Он проснулся. Погрузка продолжалась с еще бóльшим рвением. Приближалось утро, а люди всё еще не управились.
Опять тот же сон… теперь толпа желтокожих людей вторгалась в узкую каюту, которая уже была заполнена странными предметами, еще и еще, каюта вот-вот треснет. Этого не произошло, но ее сжимали всё больше и больше. Внезапно она оказалась одна в большом пустынном пространстве, казалось, сейчас она распадется на части.
Он проснулся. Выбирали якорь; пели шпильгангеры
[42]. Теперь он погрузился в глубокий сон без сновидений и проснулся лишь тогда, когда корабль был в открытом море. Розовый сад остался позади, за серыми взгорьями, еле видный над поверхностью моря.
На следующий день в адмиральской каюте были вскрыты запечатанные приказы. Сначала следовали обычные предписания: зайти на Мозамбик, погрузить фрукты и, если получится, невольников, оставить на берегу больных. Затем – письма для губернатора Калькутты и для вице-короля Гоа. На этом обычно всё заканчивалось.

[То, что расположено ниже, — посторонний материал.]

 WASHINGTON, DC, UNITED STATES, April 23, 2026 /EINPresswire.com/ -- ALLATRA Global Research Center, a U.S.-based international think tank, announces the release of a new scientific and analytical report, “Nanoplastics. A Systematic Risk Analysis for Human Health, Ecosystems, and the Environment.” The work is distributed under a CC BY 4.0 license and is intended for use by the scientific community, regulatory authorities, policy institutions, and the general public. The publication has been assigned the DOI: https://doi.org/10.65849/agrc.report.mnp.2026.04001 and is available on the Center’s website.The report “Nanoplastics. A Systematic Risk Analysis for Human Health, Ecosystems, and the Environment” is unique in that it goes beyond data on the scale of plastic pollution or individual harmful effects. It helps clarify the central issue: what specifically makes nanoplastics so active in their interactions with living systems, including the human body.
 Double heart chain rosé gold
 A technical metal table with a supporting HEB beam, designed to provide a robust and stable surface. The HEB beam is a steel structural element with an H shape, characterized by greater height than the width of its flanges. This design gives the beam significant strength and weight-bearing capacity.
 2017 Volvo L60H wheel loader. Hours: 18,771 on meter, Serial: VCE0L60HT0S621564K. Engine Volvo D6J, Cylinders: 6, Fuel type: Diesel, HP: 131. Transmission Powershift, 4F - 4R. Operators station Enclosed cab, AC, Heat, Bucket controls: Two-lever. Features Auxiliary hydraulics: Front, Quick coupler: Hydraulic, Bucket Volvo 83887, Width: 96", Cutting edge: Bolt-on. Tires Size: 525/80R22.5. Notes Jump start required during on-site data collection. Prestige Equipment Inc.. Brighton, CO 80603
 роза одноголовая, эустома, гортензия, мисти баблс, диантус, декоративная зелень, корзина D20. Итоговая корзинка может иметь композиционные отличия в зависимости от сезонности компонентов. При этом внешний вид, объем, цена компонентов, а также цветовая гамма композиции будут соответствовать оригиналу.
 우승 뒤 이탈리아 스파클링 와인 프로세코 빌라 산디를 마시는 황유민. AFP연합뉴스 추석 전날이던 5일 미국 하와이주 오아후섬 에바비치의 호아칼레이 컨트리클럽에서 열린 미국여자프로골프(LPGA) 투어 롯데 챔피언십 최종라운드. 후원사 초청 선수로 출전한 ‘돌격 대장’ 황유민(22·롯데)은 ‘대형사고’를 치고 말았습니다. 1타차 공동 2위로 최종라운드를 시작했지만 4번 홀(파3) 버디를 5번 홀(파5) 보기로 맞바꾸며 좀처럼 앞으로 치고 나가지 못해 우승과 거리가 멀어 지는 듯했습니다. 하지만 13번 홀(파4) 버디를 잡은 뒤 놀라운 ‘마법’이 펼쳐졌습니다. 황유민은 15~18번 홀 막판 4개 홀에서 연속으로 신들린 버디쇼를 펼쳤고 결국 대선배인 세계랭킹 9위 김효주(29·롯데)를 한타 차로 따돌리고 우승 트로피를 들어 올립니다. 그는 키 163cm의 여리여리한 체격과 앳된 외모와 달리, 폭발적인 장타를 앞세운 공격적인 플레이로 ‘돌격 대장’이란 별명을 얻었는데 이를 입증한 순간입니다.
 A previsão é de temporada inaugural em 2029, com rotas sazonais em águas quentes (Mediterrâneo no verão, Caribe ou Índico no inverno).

Но теперь из ларца появились еще два письма. Кабрал и капитан недовольно переглянулись: ни один из них не любил читать, особенно приказы. Адмирал прочел первую бумагу, передал ее капитану, но тот не желал напрягаться и спросил, что там было написано.
– На Гоа еще не всё кончается, нам следует проследовать дальше, в Малакку, а те, что придут за нами, должны направиться туда прямо с Мозамбика.
– В Малакке больше можно взять, чем в Гоа, там мы уже сидим пятьдесят лет, Малакка богата, а население слабо.
– В Малакке мы тоже не останемся, оттуда нам нужно в Макао.
– Не бывало еще такого, чтобы корабль вдруг из Лиссабона шел прямиком в Макао. Да это и невозможно, мы слишком обрастаем. В Малакке нам нужно пробыть на суше по меньшей мере месяц, чтобы отскрести обшивку.
– Таковы предписания. Мы не смеем задерживаться в Малакке дольше чем на неделю.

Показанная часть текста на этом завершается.